China test warning to regional security
By Harvey Stockwin
HONG KONG (JP): China appears to have successfully tested a new intercontinental ballistic missile (ICBM) which is mobile, and uses solid rather than liquid fuel as a propellant. The new ICBM may therefore indicate that China has taken a major stride towards the superpower status which the Beijing government still officially denies that it is seeking.
News of the successful test appeared confirmed Thursday by a combination of media and official Japanese sources. Initially, news of the test broke in stories printed by the right-wing Japanese daily newspaper Sankei Shimbun and by the Japanese news agency Jiji Press.
From these reports it merged that "Dong Feng (East Wind) 31" ICBM had been fired from a mobile launcher and was estimated to have a range of 8,000 kilometers (4960 miles). Whereas presently deployed Chinese ICBMs require liquid fuel, the DF-31 is said to be using a more sophisticated solid fuel.
But whereas the Sankei Shimbun said that the DF-31 test was carried out on Monday, the Jiji report quoted Western diplomats as saying that the missile was tested sometime last week.
Asked about these reports the Japanese government's chief spokesman, Chief Cabinet Secretary Kozo Igarashi, said that the Japanese government had "tentatively confirmed" that the "Chinese test took place at the end of May."
Precisely why the Japanese are unable to be more assertive regarding the test is not yet clear.
Earlier, on May 25 Japan's top soldier Gen. Tetsuya Nishimoto, chief of Japan's Joint Staff Council, told a press conference that he had information that China was about to test-fire a ballistic missile.
It must be assumed that, if the DF-31 was tested at full range, the missile was fired out into the Pacific Ocean, since any other direction would have been too hazardous and the test could not have taken place within China's own landmass.
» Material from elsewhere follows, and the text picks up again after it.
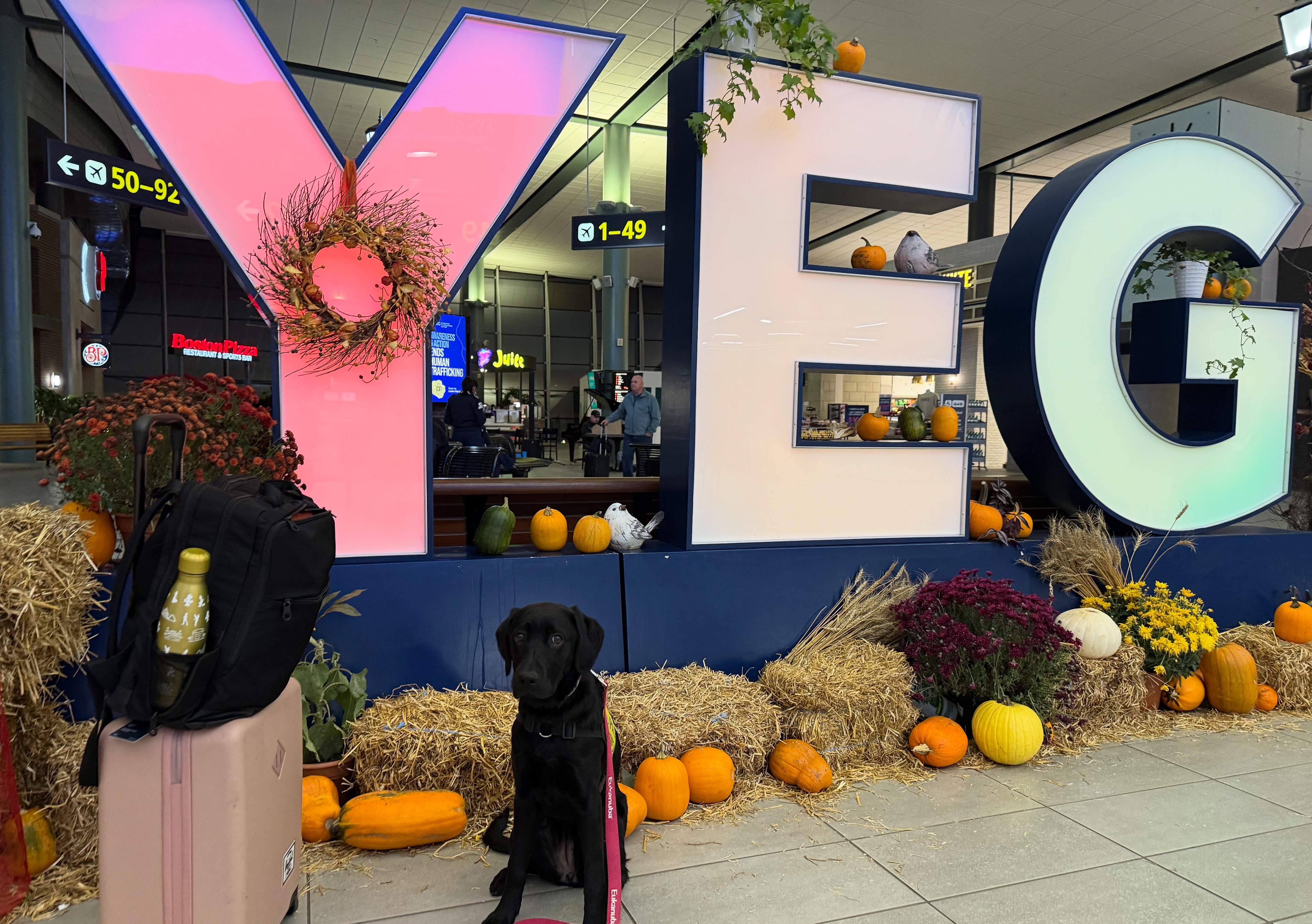 October was a big month for me. I had lots of outings, but the big one was flying to Edmonton and joining in on the face-to-face meetings with my puppy raiser for her work. I got to fly on an airplane, go in Uber vehicles, stay at a hotel, visit restaurants, and I got to say hi to so many people.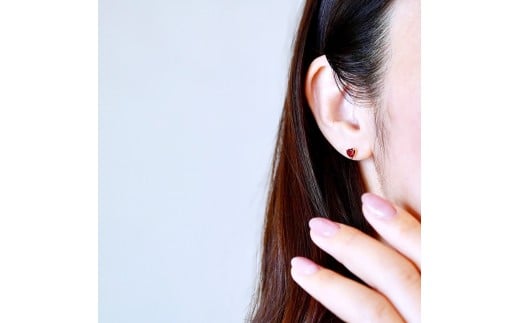 深みのあるレッドとハートシェイプが耳元で上品に煌めきを放ちます。

But if it was a Pacific test, it is extremely curious that so far the United States, with its monitoring capability, has had nothing to say about it.
The fact that the first news of this test originated from Japan is significant, coming as it does shortly after Japan, for the first time, linked its grant aid for China to Beijing's failure to halt its underground nuclear explosions. When China carried out its latest nuclear test, within days of the indefinite extension of the Nuclear Non-Proliferation Treaty, Japan reacted more strongly than usual, and announced that China's grant aid would be cut as a sign of Tokyo's displeasure.
When the Japanese government did not immediately announce the exact amount of the cut, it was assumed that Tokyo was waiting to see if China conducted any more tests.
It was speculated, at the time of the Chinese nuclear test, that the low yield of the explosion meant that China was experimenting with miniaturization of nuclear warheads for missiles. The need for such miniaturization is now made clear: a mobile missile needs as small a nuclear warhead as possible.
Needless to say, if the emerging facts about the DF-31 are confirmed, the mobile missile could reach all parts of Indonesia's territory. It could also reach all parts of Russia, and most of Europe, depending where it was deployed. It would also have the capability of reaching the west coast of the United States.
At present, according to publications of the International Institute for Strategic Studies in London, China has 14 liquid fuel ICBMs currently deployed on land in fixed silos. It has four Dong Feng 5 (DF-5) ICBMs with a range of 15,000 kilometers, capable of reaching the whole of the United States. It has ten DF-4 missiles with a range of 7,000 km.
Evidently the DF-5 ICBM has never been test-fired.
Additionally, China's one nuclear submarine has 12 submarine- launched ballistic missiles, with a modest range of between 2,200 and 3,000 km.
It goes without saying that their arsenal of ICBMs is small compared with the nuclear capabilities of the United States and Russia, and is less than that of France or the United Kingdom.
Still, the DF-31, together with the recent nuclear test, underlines China's remorseless march towards superpower status.
If the facts so far reported about the DF-31 are confirmed then it will represent a considerable advance in China's ability to wage nuclear warfare, and, as such, will inevitably increase growing regional concerns about Beijing's ultimate military- political intentions.